• **PROVIDED MATERIAL**:
----
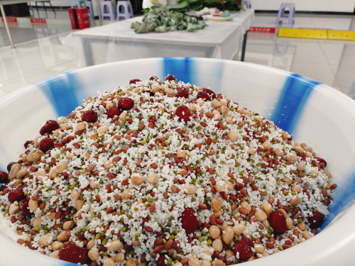 活动现场,糯米晶莹、粽叶青翠,社区老人与志愿者围坐一桌,共同体验包粽之乐。经验丰富的老人化身“技术指导”,手把手传授裹叶、填米、捆扎的要诀,年轻志愿者认真学、用心做,欢声笑语中,一个个饱满精巧的粽子逐渐成形,凝聚着代际间的温暖传递。
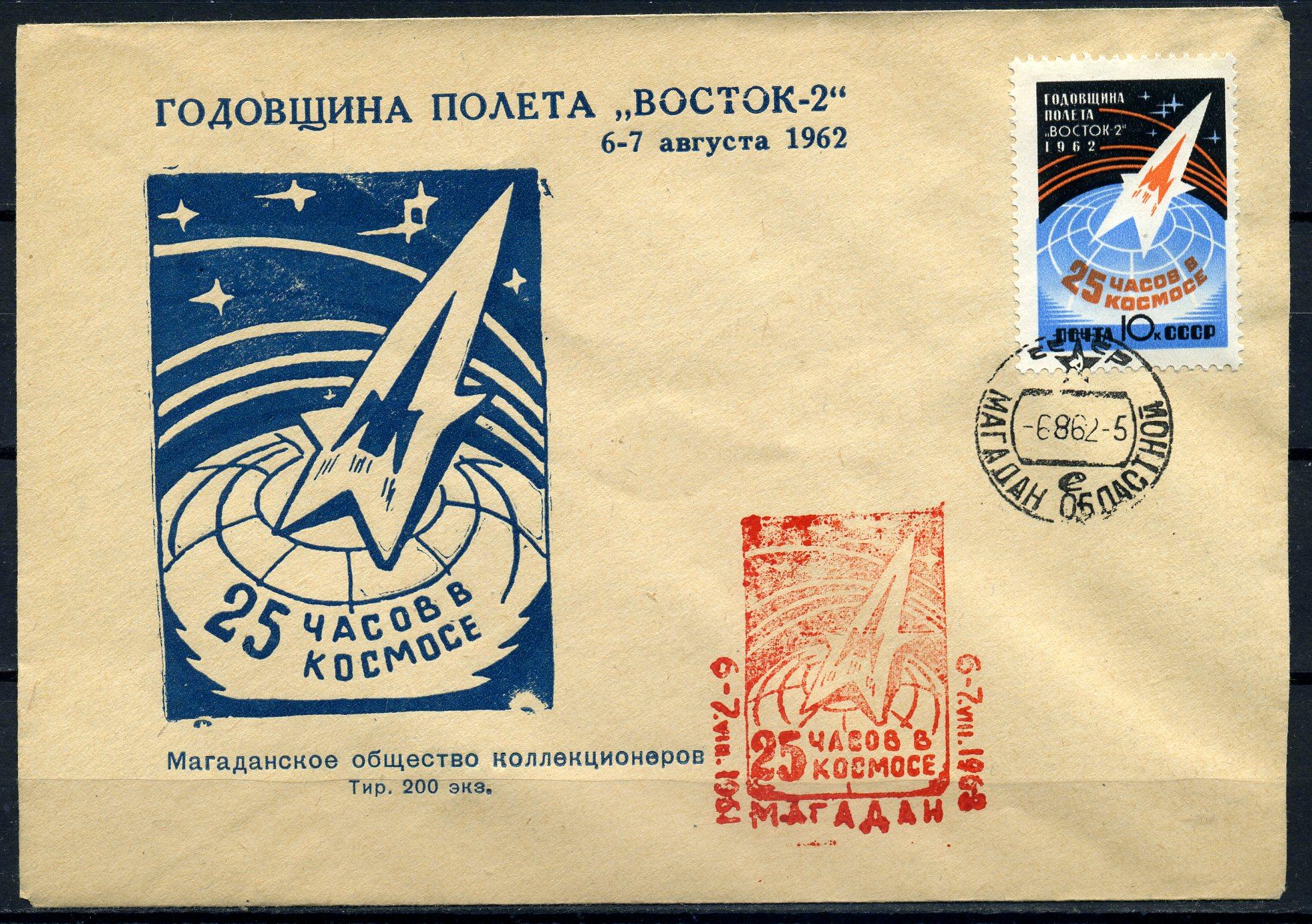 Конверт с маркой и СГ. СССР 1962 г. Годовщина полета "Восток-2". КО. Тир. 200 экз.
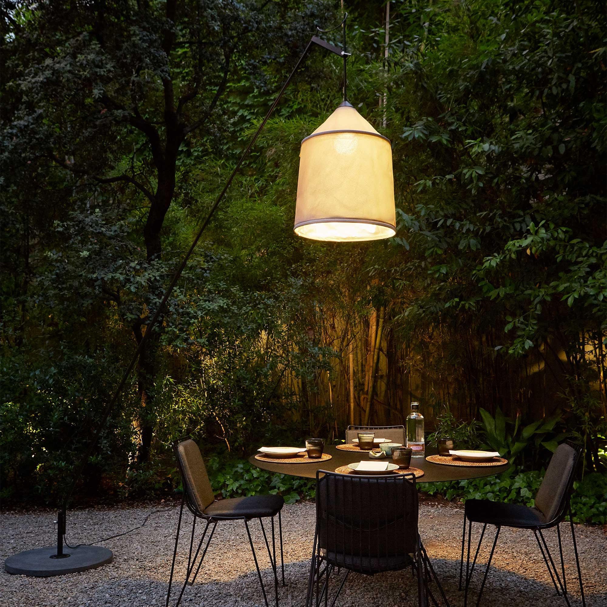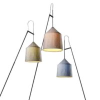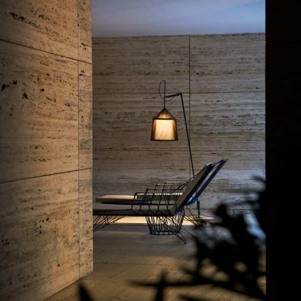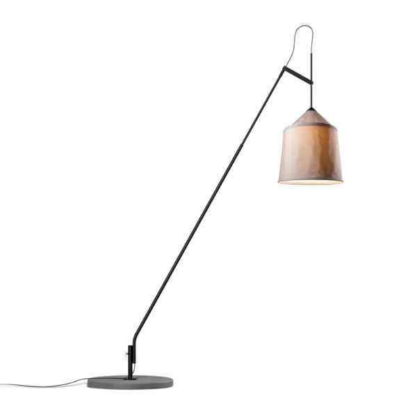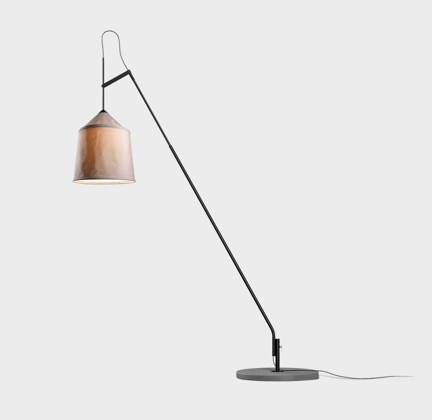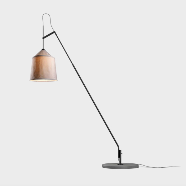 This new collection takes its name from the Bedouin tents of North Africa, and is inspired by their varied fabrics and forms. The textile shade is available in three sizes and four different colours, with a blank interior to optimise the quality of the downward light. The shades can be combined with two versatile stands to make various sizes of adjustable, rotating floor lamps; the fixture can also be affixed directly to the floor or wall, and the shades can be hung independently as pendants. Including shade, structure, concrete base and floor stem.
----
• **WORK TASK**: Leaving the pictures aside, copy exactly and only the lines from the one holding "Конверт с маркой" through the final line of the data, both ends kept.

• **SOLUTION FOR THIS TASK**:
 Конверт с маркой и СГ. СССР 1962 г. Годовщина полета "Восток-2". КО. Тир. 200 экз.
 This new collection takes its name from the Bedouin tents of North Africa, and is inspired by their varied fabrics and forms. The textile shade is available in three sizes and four different colours, with a blank interior to optimise the quality of the downward light. The shades can be combined with two versatile stands to make various sizes of adjustable, rotating floor lamps; the fixture can also be affixed directly to the floor or wall, and the shades can be hung independently as pendants. Including shade, structure, concrete base and floor stem.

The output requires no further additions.